[v3] locking/osq_lock: Optimisations to osq_lock code

[PATCH v3 next 5/5] Avoid writing to node->next in the osq_lock() fast path

Posted by david.laight.linux@gmail.com 1 month ago

From: David Laight <david.laight.linux@gmail.com>

When osq_lock() returns false or osq_unlock() returns static
analysis shows that node->next should always be NULL.
This means that it isn't necessary to explicitly set it to NULL
prior to atomic_xchg(&lock->tail, curr) on entry to osq_lock().

Defer determining the address of the CPU's 'node' until after the
atomic_exchange() so that it isn't done in the uncontented path.

Signed-off-by: David Laight <david.laight.linux@gmail.com>
---
 kernel/locking/osq_lock.c | 6 ++----
 1 file changed, 2 insertions(+), 4 deletions(-)

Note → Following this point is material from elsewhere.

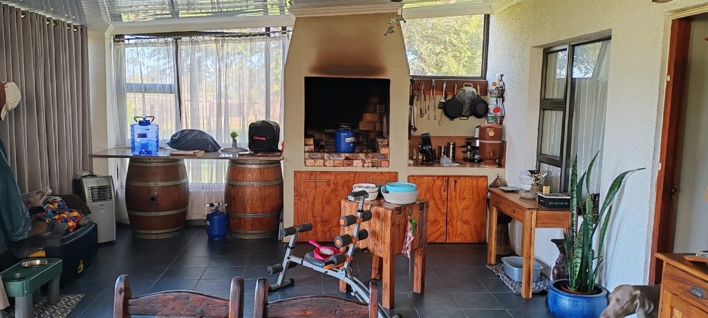 Main house with 3 bedrooms, 2 bathrooms, kitchen with scullery, and entertainment room with braai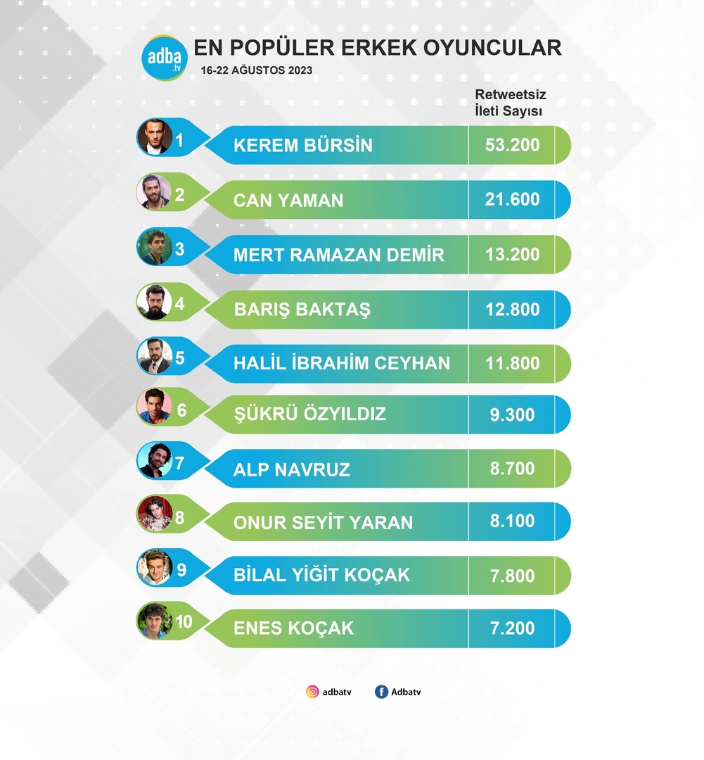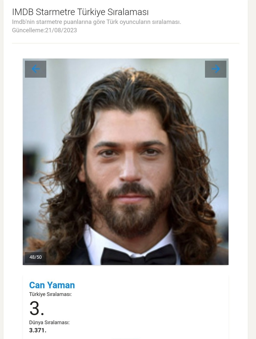 Джан Яман е на трето място🥉 сред всички турски актьори и актриси в седмичната класация на IMDb от 21.08.23. Джан Янан е позициониран като номер 3371 от 11 милиона артисти, проследявани по света.

diff --git a/kernel/locking/osq_lock.c b/kernel/locking/osq_lock.c
index 0619691e2756..3f0cfdf1cd0f 100644
--- a/kernel/locking/osq_lock.c
+++ b/kernel/locking/osq_lock.c
@@ -92,13 +92,10 @@ osq_wait_next(struct optimistic_spin_queue *lock,
 
 bool osq_lock(struct optimistic_spin_queue *lock)
 {
-	struct optimistic_spin_node *node = this_cpu_ptr(&osq_node);
-	struct optimistic_spin_node *prev, *next;
+	struct optimistic_spin_node *node, *prev, *next;
 	unsigned int curr = encode_cpu(smp_processor_id());
 	unsigned int prev_cpu;
 
-	node->next = NULL;
-
 	/*
 	 * We need both ACQUIRE (pairs with corresponding RELEASE in
 	 * unlock() uncontended, or fastpath) and RELEASE (to publish
@@ -109,6 +106,7 @@ bool osq_lock(struct optimistic_spin_queue *lock)
 	if (prev_cpu == OSQ_UNLOCKED_VAL)
 		return true;
 
+	node = this_cpu_ptr(&osq_node);
 	WRITE_ONCE(node->prev_cpu, prev_cpu);
 	prev = decode_cpu(prev_cpu);
 	node->locked = 0;
-- 
2.39.5

Re: [PATCH v3 next 5/5] Avoid writing to node->next in the osq_lock() fast path

Posted by Waiman Long 3 weeks, 5 days ago

On 3/6/26 5:51 PM, david.laight.linux@gmail.com wrote:
> From: David Laight <david.laight.linux@gmail.com>
>
> When osq_lock() returns false or osq_unlock() returns static
> analysis shows that node->next should always be NULL.
> This means that it isn't necessary to explicitly set it to NULL
> prior to atomic_xchg(&lock->tail, curr) on entry to osq_lock().
>
> Defer determining the address of the CPU's 'node' until after the
> atomic_exchange() so that it isn't done in the uncontented path.
>
> Signed-off-by: David Laight <david.laight.linux@gmail.com>
> ---
>   kernel/locking/osq_lock.c | 6 ++----
>   1 file changed, 2 insertions(+), 4 deletions(-)
>
> diff --git a/kernel/locking/osq_lock.c b/kernel/locking/osq_lock.c
> index 0619691e2756..3f0cfdf1cd0f 100644
> --- a/kernel/locking/osq_lock.c
> +++ b/kernel/locking/osq_lock.c
> @@ -92,13 +92,10 @@ osq_wait_next(struct optimistic_spin_queue *lock,
>   
>   bool osq_lock(struct optimistic_spin_queue *lock)
>   {
> -	struct optimistic_spin_node *node = this_cpu_ptr(&osq_node);
> -	struct optimistic_spin_node *prev, *next;
> +	struct optimistic_spin_node *node, *prev, *next;
>   	unsigned int curr = encode_cpu(smp_processor_id());
>   	unsigned int prev_cpu;
>   
> -	node->next = NULL;

Although it does look like node->next should always be NULL when 
entering osq_lock(), any future change may invalidate this assumption. I 
know you want to not touch the osq_node cacheline on fast path, but we 
will need a big comment here to explicitly spell out this assumption to 
make sure that we won't break it in the future.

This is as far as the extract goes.